The first season of the series, launched in 2016, followed a group of candidates through the Process, Hunger Games -style. Among them are ambivalent Cause fighter Michele, the cheat Raphael, the determined Fernando, the distant genius Joana, and the titled "legate" child Marco. Many of them are very underestimated: Fernando is paraplegic, Joana is a street thief that nobody likes, and Rafael only manages to bend the rules, and in the end, all of them have been rudely awakened by the dark reality of the dream they have ". I have worked so relentlessly to achieve it.Its second season explores what happens after the Process: the gray moral areas within the Cause and the so-called paradise of the coast, the sedative nature of the overwhelming privilege and the often horrible reality behind the stories that people say they sleep at night.
Despite their radically different motivations – and constantly fluctuating – each character until the roles of tertiary support has so many nuances that all require their emotional investment The Master of the Process puppet Ezequiel is a monster until you learn his background story, the "rich boy" Marco is just a cocky idiot until you understand his family (Although to be fair, he's still a cocky guy). Moles for the Cause turns around in their dedication as they let themselves be seduced by the promise of the Process of a better life. The program is dedicated to representing the complex and lived realities of marginalized people, from dark colored women like Joana to people with disabilities like Fernando, without boasting or voyeurism. (The cast also includes two trans women, their gender identities are never mentioned). They are all human, and each of their options resolves complex issues such as toxic masculinity and neoconservative values with brutal plots and consequences for all.
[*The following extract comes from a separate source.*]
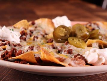 Crispy corn tortilla chips topped with refried bean, melted Mexican cheese and garnished with sour cream and Jalapeno beans.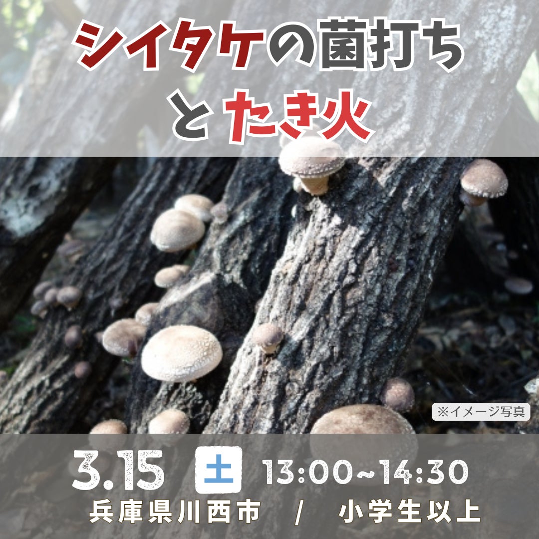 シイタケの菌打ちとたき火<兵庫県川西市>

Conversation of Handmaid & # 39; s Tale last month, I wrote that "the most effective horror [dystopian] is often found in all gray areas … if the & # 39; part within the group & # 39; a dystopia does not seem at least a little attractive to you, even Fahrenheit 451 presented a world that was actively working to end inequality, it just did it the wrong way, it probably will not be a story so powerful. " In 3% nothing is ever black and white, and this nuanced narrative also ends up meaning that nothing is 100% terrible for anyone. Unlike the relentless misery of a show like The Handmaid & # 39; s Tale or the first seasons of Black Mirror there is always hope or relief somewhere in 3% & narrative web at any given time.
Sometimes that relief is dangerous: Offshore is seductively idyllic, which is part of what makes the show more compelling than its contemporaries. Unlike, say, Westworld where external factors constantly affect its smaller world, 3% is functionally autonomous. Whatever the rest of the world is doing, or if people from outside São Paulo have opted for a similarly brutal solution to economic and environmental problems, it is irrelevant: this narrative is so strong, your questions So exceptionally delicate, it does not matter It's such a relevant metaphor that it addresses a simple description of the real world, where economic inequality and the Western-inspired gospel have created a hijacked and self-justifying paradise for the super-rich to whom the rest of us aspire although we resist. In fact, maybe 3% is also generous, after all, in real life, our odds are even worse.